ROBERT REICH, Secretary of Labor, United States Department of Labor, Plaintiff,
v.
MALCOLM PIRNIE, INC., Defendant.


GOETTEL


The opinion of the court was delivered by: GERARD L. GOETTEL

GOETTEL, D.J,

 This case concerns the pay practices of defendant Malcolm Pirnie, Inc. ("MP"), an environmental engineering company. In particular, the case involves the question of whether certain professional and managerial employees are entitled to time-and-a-half overtime under the Fair Labor Standards Act ("FLSA") because they are, in effect, hourly not salaried employees. This issue turns on whether they are subject to pay reductions for absences of less than a day's duration.

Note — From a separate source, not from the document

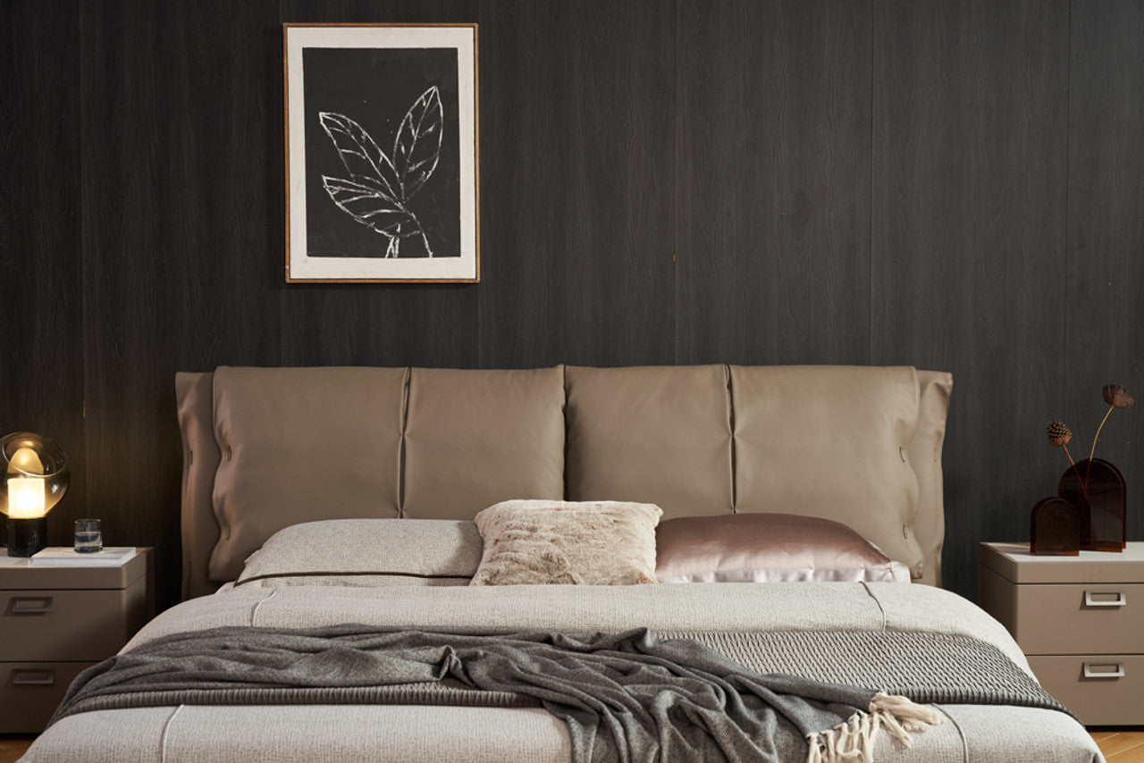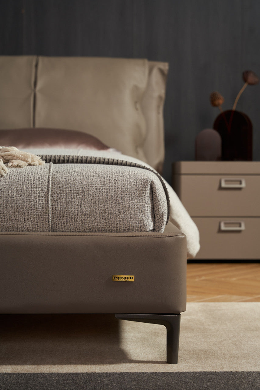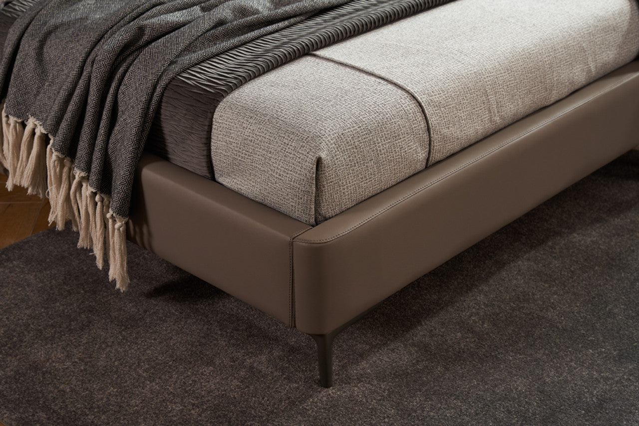 The Grace Dark Taupe Leather Bed in FSB014 showcases a perfect harmony of classic elegance and contemporary design. Featuring a smooth dark taupe leather upholstery, this queen bed serves as a refined focal point in any bedroom setting. Its minimalist silhouette, combined with a robust frame, guarantees both aesthetic appeal and long-lasting strength. Ideal for those who appreciate a mix of comfort and modern sophistication, this bed enhances your bedroom with subtle luxury and enduring craftsmanship.

 In May 1989, the secretary of Labor (then Lynn Martin) filed a complaint against defendant Malcolm Pirnie, Inc. on behalf of the Department of Labor ("DOL") alleging that defendant had violated §§ 7 and 15(a)(2) of the FLSA by failing to pay employees in grades 6 through 9 time-and-a-half for overtime. Employees with these salary grades include engineers, accountants, architects, and various administrators and supervisors who earn between $ 30,000 and $ 70,000 a year. The secretary sought to enjoin defendant from future violations and to restrain the withholding of backwages owed to the affected workers.

 In June 1990, defendant moved for partial summary judgment arguing that it was exempt from the FLSA's overtime provisions from May 1987 to December 1988 because it met the salary test set out in the Act's accompanying regulations and the approximately 400 employees in grades 6 through 9 were in fact met this test during that period. Plaintiff filed a cross-motion for partial summary judgment.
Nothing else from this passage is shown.